Academic writing style
The biggest myth in academic writing is that complicated prose signals serious thought. The opposite is true: the clearest writers are usually the clearest thinkers. Your job is to move an idea from your head into a busy reader’s head with as little friction as possible. Four qualities do most of that work — clarity, concision, cohesion, and tone — and you fix them in ordered passes, not all at once.
The four qualities
- Clarity. One idea per sentence, plain words where they work, the subject and verb close together.
- Concision. Cut every word that adds no information — most first drafts shed 15–20% with no loss.
- Cohesion. Each sentence connects to the last; paragraphs open with a topic sentence and follow one thread.
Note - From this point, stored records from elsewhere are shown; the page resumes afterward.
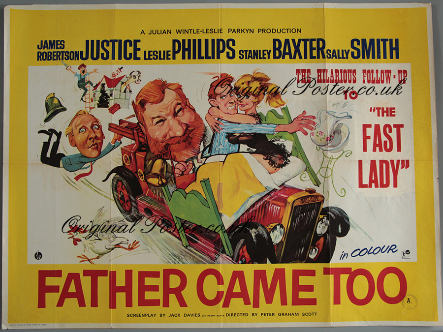 Terrific Sixties artwork with magnificent paintings of James Robertson Justice, Leslie Phillips, Sally Smith and Stanley Baxter having fun with the Leyland fire engine. Charles & Read Ltd. of London are the printers. This British film poster has a Maltese censor stamp over the "A" certificate next to the title. Felt bleed from reverse on Leslie Phillips' legs and a printed snipe to the right referring to "The Fast Lady". Pinholes in corners.
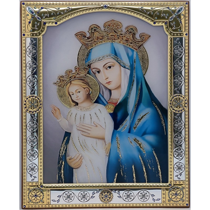 Ikona została wykonana na brązowej drewnianej desce za szkłem w posrebrzanej ramce ze złoceniami 24k złotem. Ikona jest zapakowana w eleganckie pudełko.
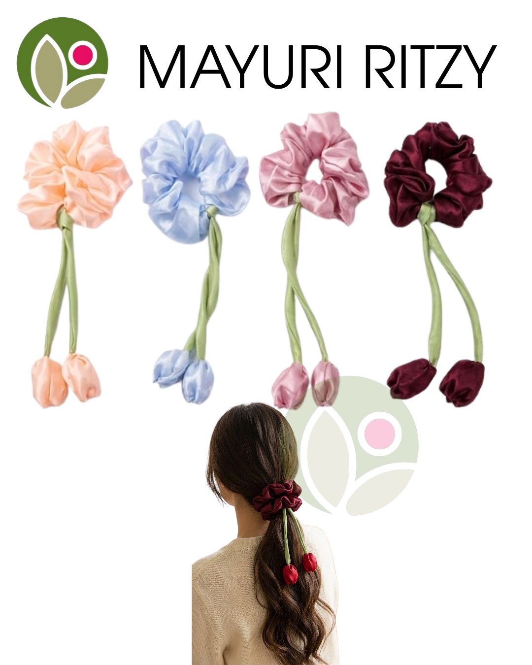 Satin scrunchies designed with elegant flower stems for a unique, statement hairstyle. Soft, secure, and perfect for adding a charming floral touch to everyday or festive looks.

- Tone. Formal but human — precise, measured, and appropriately hedged, without being stiff or pompous.
Concision moves that always help
| Instead of | Write |
|---|---|
| in order to | to |
| due to the fact that | because |
| conducted an investigation of | investigated |
| a large number of | many |
| it is important to note that | (usually: delete) |
The pattern: turn nominalisations back into verbs (“an investigation of” → “investigated”), prefer the active voice where it reads naturally, and delete throat-clearing.
Two style myths to drop
“Never use I or we.” Outdated — “we measured” is clearer than “it was measured,” and most journals now accept it (check yours). “Always use the passive voice.” Use it deliberately — when the doer is unknown or to keep the topic up front — not as a default that makes everything vague. Reach for the active voice unless there’s a reason not to.
Edit in passes
Don’t try to fix structure, clarity, and grammar in one read. Make separate passes: first structure (does each paragraph earn its place?), then sentence clarity, then cohesion between sentences, then a final proofread. Fixing one layer at a time is faster and catches more — which is exactly how the free self-edit checklist below is built.
Get the free Academic Writing toolkit
The layered self-edit checklist behind this guide — fix paragraph structure, sentence clarity, cohesion, and tone in ordered passes with before-and-after rewrites — from Write and Publish a Scientific Paper. We’ll email you the download link.
Frequently asked questions
What is good academic style?
Clear, concise, precise, and well-organised — plain words, one idea per sentence, signposted logic. Clarity over complexity.
Can I use I or we?
In most fields, yes — it’s clearer than the passive. Check your target journal’s conventions.
How do I write more concisely?
Cut empty phrases, prefer active voice, turn nominalisations back into verbs, and delete words that add nothing.
Should I use the passive voice?
Deliberately, not by default — when the doer is unknown or to keep the topic up front. Otherwise the active voice is clearer.